LFI chairman Steve McCabe said that the only credible approach to the conflict between Israel and the Palestinians is a balanced one.
He also launched an LFI publication, Steps to a Two State Solution, which, he explained will “set out an agenda to narrow the parameters of the Israeli-Palestinian conflict, improve the lives of ordinary Palestinians and Israelis, and help foster the conditions in which a final agreement can be reached”.
“It will, I hope, provide the framework for the approach our party will take in government,” the MP for Birmingham Selly Oak added.
He also praised Sir Keir’s leadership and determination to make Labour once again a welcoming home to the Jewish community.
Mr McCabe continued: “He has restored the values — of equality, tolerance and anti-racism — which rest at the very centre of our party’s moral core.
“And he has made all of us proud to be Labour Party members once again.”
Shadow Foreign Secretary David Lammy talked about his long-standing support for LFI in his 22 years in Parliament, as well as welcoming Israeli Prime Minister Yair Lapid’s commitment to a two-state solution at the UN General Assembly last week.
He said: “The country of Israel was founded by Ben Gurion and by the Labour Party — it was birthed by Labour. And it was birthed against a backdrop of hope.
“We hold out that hope — and it was a hope I was so pleased to see repeated by Prime Minister Lapid at the UN last week — the hope and the belief for a two-state solution, Israel safe and secure and a sovereign, viable Palestinian state.

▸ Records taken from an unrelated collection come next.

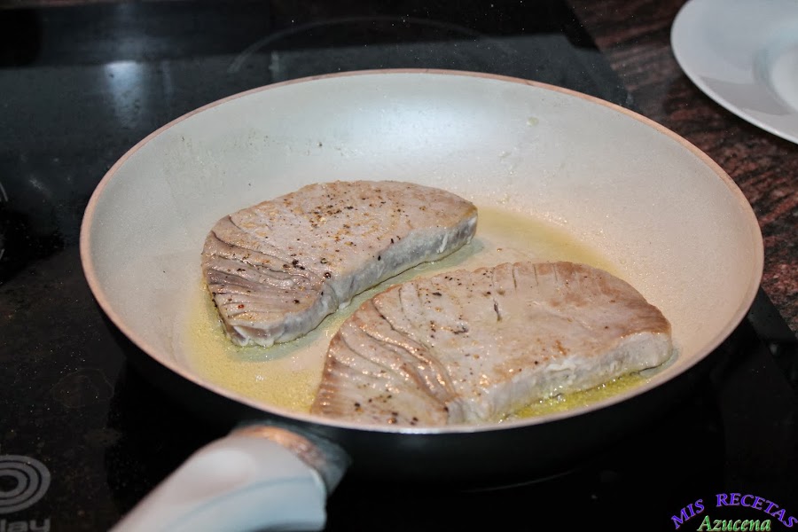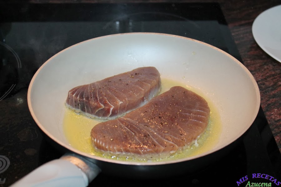 Lo primero que haremos será el sellar el atún, para ello ponemos una sartén al fuego a fuego medio alto, cuando este caliente añadiremos un chorreón de aceite, ahora salpimentamos los filetes de atún y los ponemos al fuego, los dejaremos unos 20 segundos por cada lado, retiramos del fuego y reservamos en un plato.
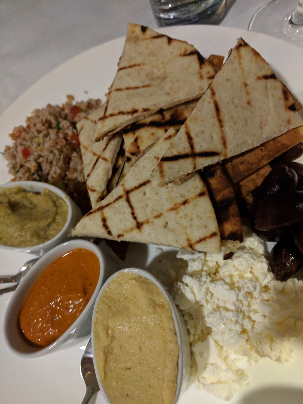 The Mediterranean Sampler was not merely hummus and pita, but baba ganoush, feta, tabbouleh and olives. The duck confit strudel with arugula and cherry sauce was not only a sight to behold but nobody could keep their forks out of it. Same went for the Maple Leaf Duck Duo, packed with breast and thigh meat, kale and couscous, in more of the flaky crust but with a cardamom sauce.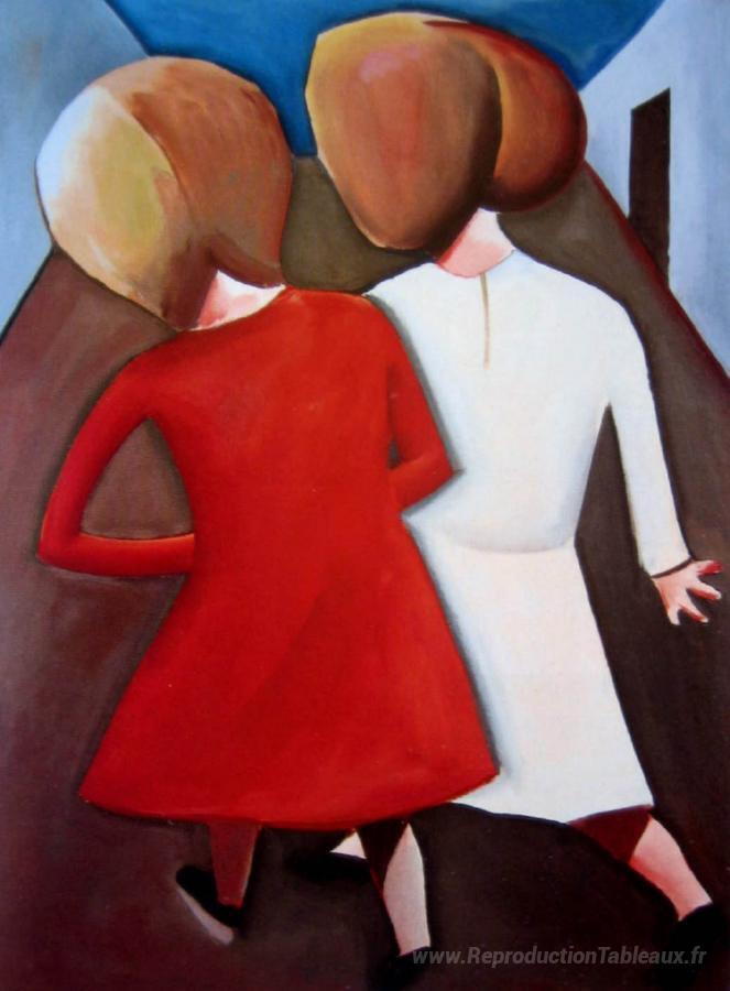 Nous vous proposons une reproduction artisanale sur toile du célèbre tableau 'Deux amis' de Charles Blackman, provenant du Musée de la Reproduction.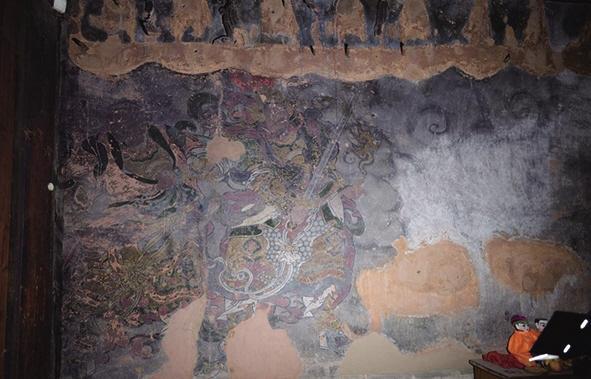 現(xiàn)建筑保存完好,塑像多被破壞,僅存明代懸塑七尊,塑像腳底踩踏祥云,衣帶飄逸靈動,面容栩栩如生。東西兩壁留有四位天神畫像。殿內(nèi)遺留的龐、劉、茍、畢四大雷部元帥門壁畫,與門楣上方的懸塑和拱眼壁上繪畫的尊神,均是研究明代道教藝術(shù)的珍貴遺存,是當(dāng)?shù)厝?、道、佛三教并存,多元文化共同發(fā)展的歷史見證,對研究土司文化具有重要價(jià)值。
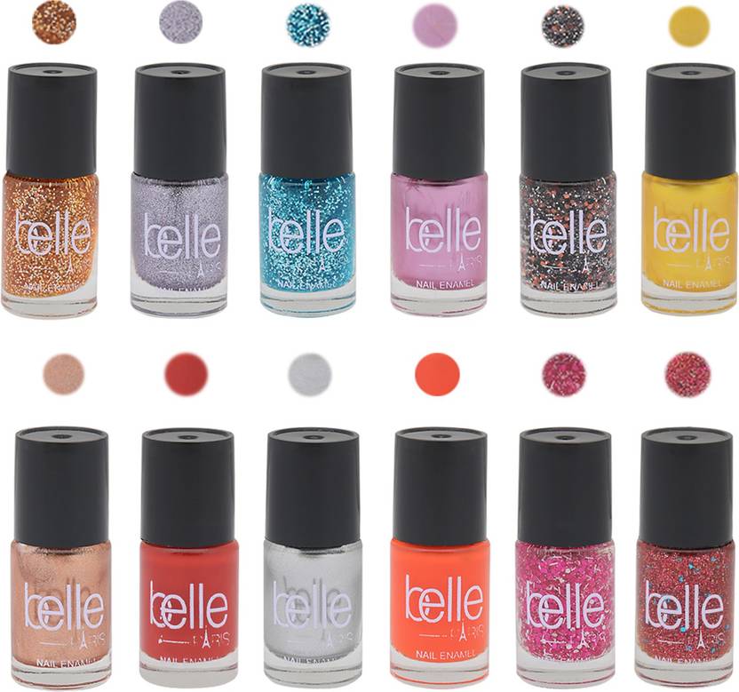 BELLE Set of 12 Nail Enamel Glossy , Glitter and Metallic 5 ml each MultiCo...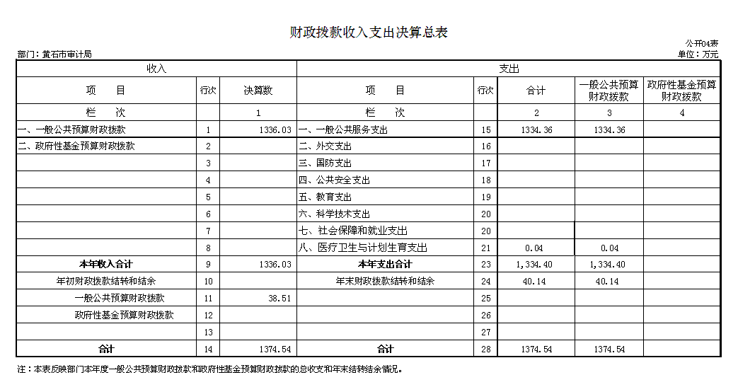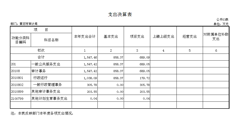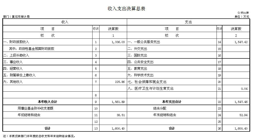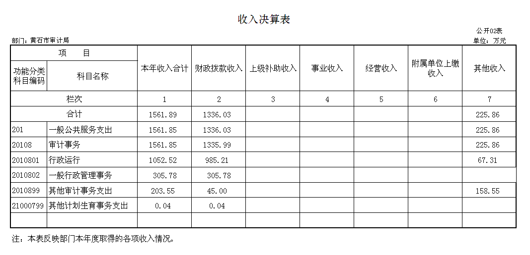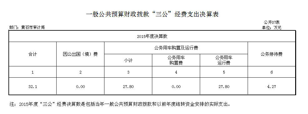 八、黄石市审计局2015年度部门决算表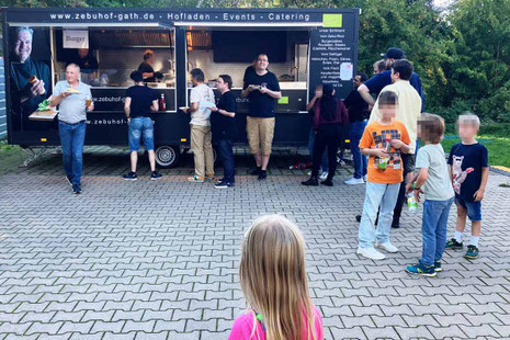 Es gab zuerst Kuchen, danach Köstlichkeiten vom Zebuhof Gath: leckere Burger, Gyros oder Nudeln mit Tomatensauce – für jeden Geschmack war etwas dabei. 🍔 🥙 🍝

“We also recognise the progress that’s been made with the Abraham Accords, the coming together that we’ve seen across the Middle East, and the real challenges that exist in the area.
“The challenges in Lebanon, in Syria and real challenges in Iran.
“But again, just in the last few hours, to see people coming out on the streets in Iran, is hope. And it’s hope that keeps progressives alive.”
“It’s a huge honour to say that I am a Labour friend of Israel.”
Oren Marmorstein, Israel’s deputy ambassador to the UK, said he felt he was once again among “friends” at a Labour Party event, while warning about the danger posed not just to Israel, but to the world by the Iranian regime.
Shadow Chancellor — and LFI vice-chairman Rachel Reeves — told guests: “I am proud to be here with all of you who have stood here through the difficult years and the good years”, while Bury South MP Christian Wakeford told of his pride to speak at an LFI event.
The long-time supporter of Israel crossed the floor from the Conservative Party earlier this year.
He said: “I could not be prouder to be finishing my last speech of this conference here with Labour Friends of Israel.”